Hard seltzer is the third largest beer segment (16% of dollar share, behind domestic premium and imported beers), but it’s the fastest growing. This is exciting for cider makers, Nadasdy notes — hard seltzer in 2018 was the size of the cider market today.
- Fruit-Flavored Cider is Growing
Though apple cider still dominates the cider market with 52% of sales, fruit-flavored cider grew three points in the past year to 12% of sales. The top three fruit-flavored products are: Ace Pineapple Craft Cider, Incline Scout Hopped Marionberry Cider and 2 Towns Ciderhouse Pacific Pineapple Cider.
(Other products in the cider category include: mixed flavors, dry cider, seasonal cider/perry, herb/spice cider.)
- Cider is Making Waves in Craft Beer
Cider — tracked as part of the overall craft beer category — is proving a worthy participant.Cider has 11% of the dollar share, second only to the category leader, India Pale Ale (41% of the market).
“That’s really impressive for such a small base,” Nadasdy says. “Even though you guys are a smaller segment, you still have a lot to contribute to the overall beer category. And I think it’s important when you’re having these conversations with retailers that you are able to point out these wins.”
- Hard Kombucha is Gaining Ground
Cideries are competing with hard kombucha. Though hard kombucha is a fermented tea and not a cider, retailers consider hard kombucha and cider comparable drinks. And hard kombucha sales are growing quickly.
“Although small now, keep an eye on (hard) kombucha,” Nadasdy said.
- Prepare for Changed On-Premise Sales
Once wide-spread vaccination is in place and on-premise dining returns, expect fundamental changes such as more online ordering, healthier menu choices and a rise in food tech like tablet menus. The National Restaurant Association listed other significant changes that will impact cideries:
- Streamlined menus. There will be fewer menu items, with 63% of fine dining operators and half of casual and family dining operators saying they will reduce their offerings.

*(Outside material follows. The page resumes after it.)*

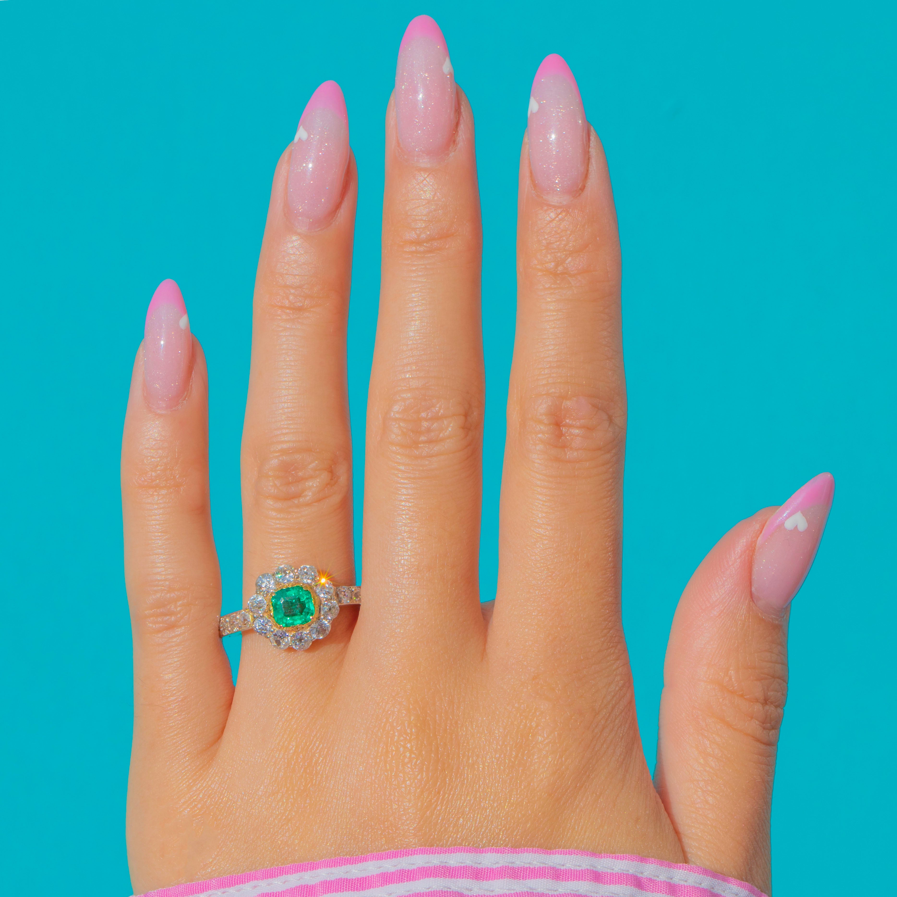 EXCELLENT: The Emerald is richly coloured with fine clarity and minimal natural inclusions. Diamonds are bright, well-matched and securely set. The Gold and Silver retain a beautiful antique polish, with no thinning or wear to the band. A superbly preserved Edwardian cluster ring of outstanding quality.

- Alcohol-to-go. Seven in 10 full-service restaurants added alcohol-to-go during the pandemic. Thirty-five percent of customers say they are more likely to choose a restaurant that offers alcoholic beverages to-go.
- Rosé-Flavored Cider is Out
Every brand of rosé-flavored cider is losing sales. The top three brands showing the most significant losses in this category are: Angry Orchard, Bold Rock and Virtue.
- Cans Are King
Cans are leading the dollar share of the market, growing at 1.5 times the rate of bottles. Six-pack (11-13 ounce) cans are now the top share item with 29% of total cider sales. This is followed by six-pack (11-13 ounce) bottles and 4-pack (18-ounce) cans. (These figures do remove shares of Angry Orchard, which sells in bottles. Because Angry Orchard dominates 40% of the cider market, they skew the data.)